IPO’s have reached an all time high in the past several years. In 2014, 274 IPO’s were completed, 23% higher than 2013’s ending. IPO’s are a fantastic way to raise capital, and get excited about new companies. However, some misconceptions about private placement securities and IPO’s persist.
Myth #1 Just because you’ve offered your friends or a family securities doesn’t make you exempt from securities law. The SEC is cracking down on insider trading. In 2014 alone, the SEC charged 135 people with violations regarding failures to report. In fiscal year of 2014, the SEC also charged people for trading with insider information. There are plenty of exemptions, but your friends and family aren’t among them. However, if you have an exemption that applies to the offering, by all means pursue it, but you can’t avoid the application of private placement securities law. Skilled securities law firms can help determine what exemptions your offering may be eligible for.
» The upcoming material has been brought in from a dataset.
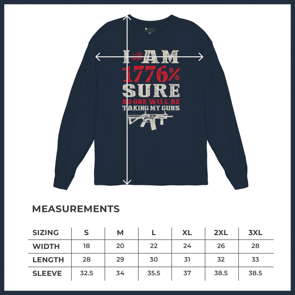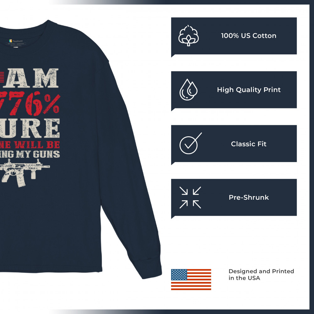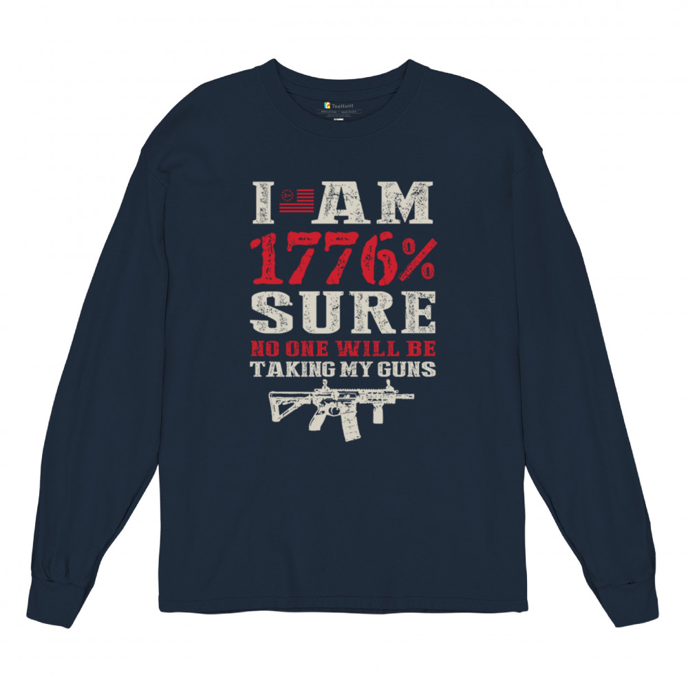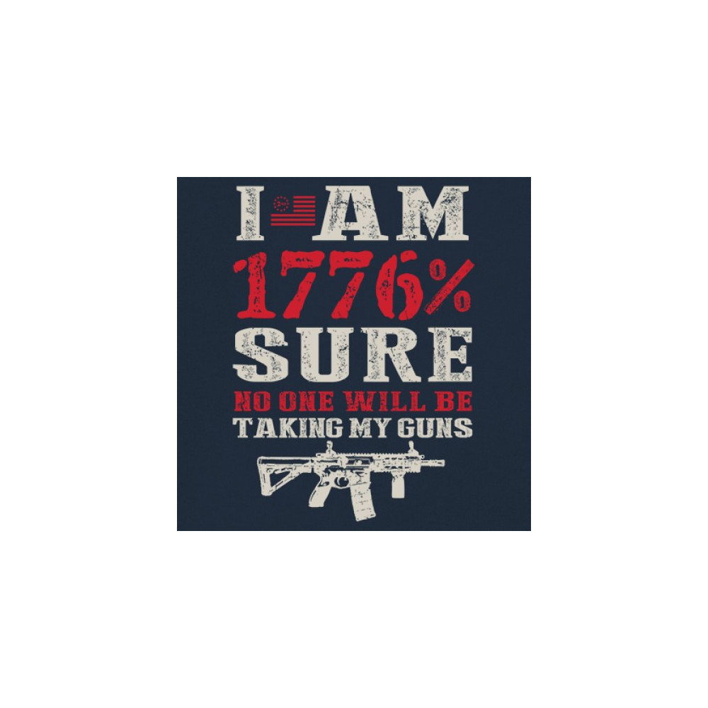 This eye-catching design shouts American pride with its 1776% certainty and pro-gun message. A distressed rifle graphic pairs with bold lettering and patriotic red, white, and blue styling. Perfect for gun owners, liberty advocates, and veterans who take their constitutional rights seriously. A true celebration of freedom and firepower.

Myth #2 You probably know private placement securities law only applies to public companies. You also probably already know the SEC regulates IPO’s and other public offerings. However, these laws apply to all securities offerings, which also includes private offers and sales. Getting an exemption will not necessarily make the process any easier, as exemptions come with their regulations.
Myth #3 Only the federal government regulates securities. Wrong. All 50 states have their rules and regulations regarding securities offerings. Often, if you meet the criteria for federal exemptions, you will probably qualify for state exemptions as well. Still, many states do require you to file notices and fee payments connected to private offerings. Form 10-K used to be filed with the SEC within 90 days after the end of the company’s fiscal year, although accelerated filers are an exception to that rule.
Obtaining private placement offerings can be a positive experience for all involved. Being aware of the law, and making sure you’re in compliance consolidates the process, and avoids any trouble with the SEC. Asking an IPO attorney or working with a reputable corporate securities law firm can certainly ease investors minds, and make the process even smoother.